The declaration in the predominantly Mormon state of Utah echoes an argument made by many conservative religious groups as porn becomes more accessible on smartphones and tablets.

“This isn’t just a religious moral issue,” said Republican Senator Todd Weiler, who sponsored the declaration.

Some people want to make this about sex education; no boy or girl needs to see those images to learn how families are created.

Critics say Utah is overstating the effects of pornography, which some say can be a healthy sexual outlet for adults.

The Free Speech Coalition, an American adult entertainment trade group, called Utah’s declaration an “old-fashioned” morals bill that is driven by ignorance and bias.

The coalition said in a statement that people who watch adult movies are more likely to have progressive views on sexuality and women’s rights — and that access to these movies correlates with a decline in sex crimes.

“The true public health crisis are socially conservative politicians like these who have fought adequate, science-based sexual health education for over 35 years,” the coalition said.

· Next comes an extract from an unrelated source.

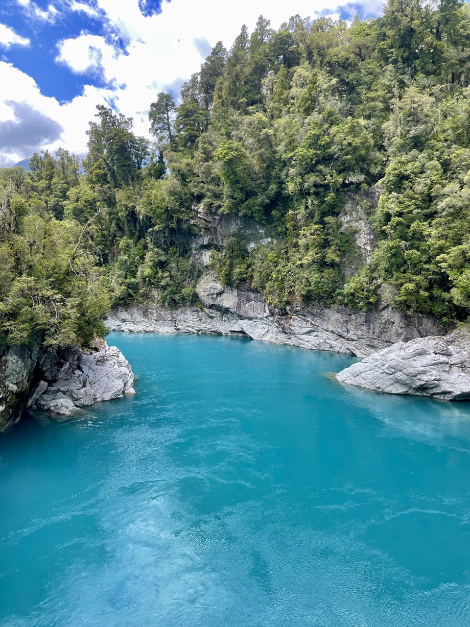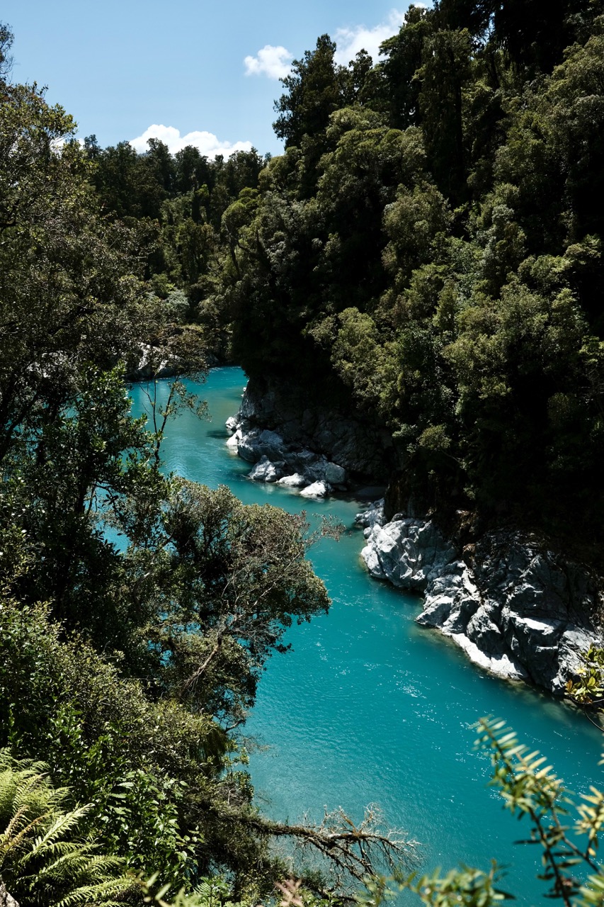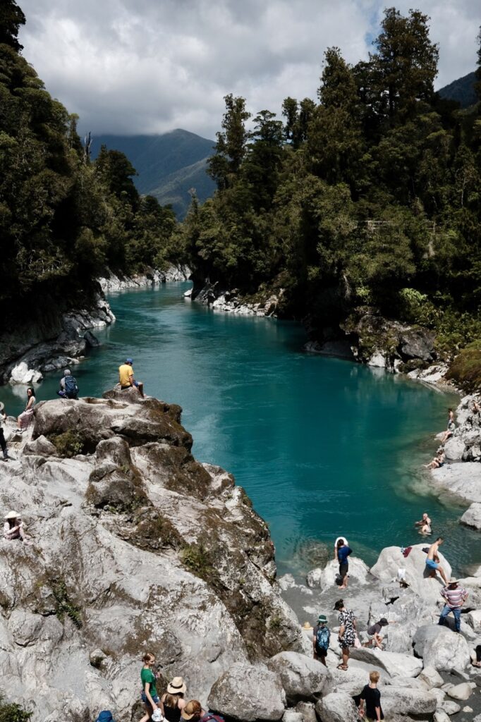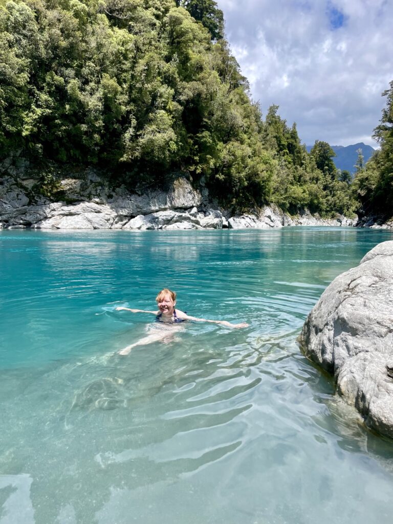 Ein sehr erwähnenswerter Stopp war in Hokitika. Zuerst waren wir ein wenig dort am Strand, aber das wirkliche Herzstück für uns war Hokitika Gorge. Dort gab es einen kleinen Rundweg und als wir damit fertig waren, konnten wir es uns nicht nehmen lassen, in das wunderschöne blaue (und wirklich kalte) Wasser einzutauchen.

In Utah, the cultural aversion to scantily dressed women is evident. Magazines and TV commercials featuring women wearing low-cut shirts or bikinis are considered by some to be soft pornography, and lingerie catalogues have been called “gateway porn”.

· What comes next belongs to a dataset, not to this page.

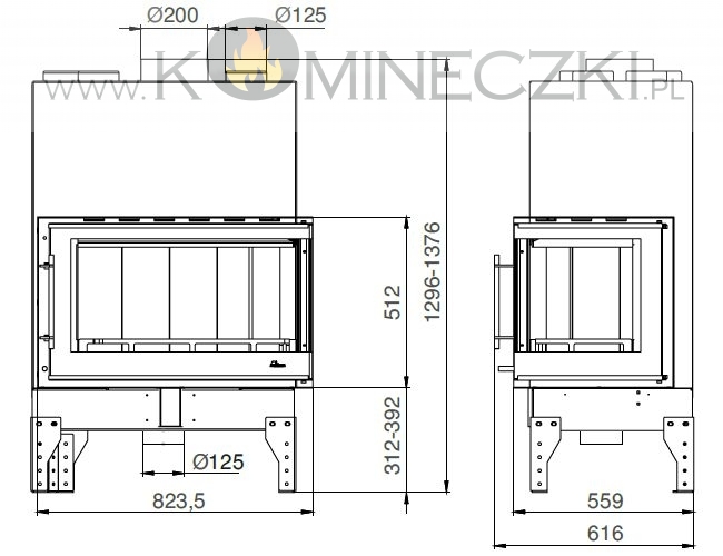 Wkład kominkowy UNIFLAM 860 EVO PBS gięta prawa boczna szyba ref. 260-182-GS

More than half of Utah’s 3 million residents belong to the Church of Jesus Christ of Latter-day Saints, among the conservative religions that in recent years have worked to shed light on what they consider the harms of pornography.

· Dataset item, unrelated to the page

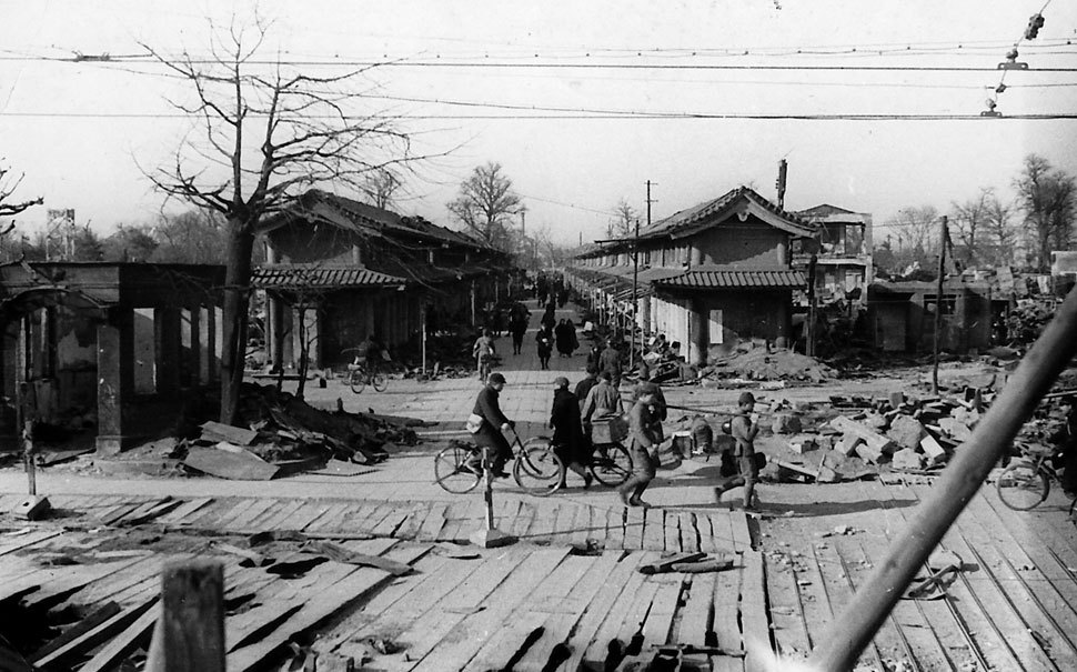 도쿄에는 매일 같이 공습경보가 울렸다. 이제 훈련은 없었다. 미국의 폭격기는 거리낌 없이 도쿄의 상공을 드나들었다. 나는 방공부대 소속이었다. 그러나 우리가 하는 짓은 나무막대기로 바닷새를 잡으려는 짓이나 다름없었다. 미국의 폭격기는 제국의 총알이 닿지 않는 하늘에서 폭탄을 떨어뜨렸다.

Utah’s declaration doesn’t change any laws or include any funds. Herbert emphasised the resolution doesn’t interfere with anybody’s rights. He said the state wants to take the lead in fostering more research and discussions about the danger of pornography.

Weiler said he won’t back down despite being mocked and scorned since he introduced his proposal in January.

He called on politicians to implore internet providers, restaurants and libraries to add filters so people have to opt-in to view pornography. He said that’s good citizenship, not censorship.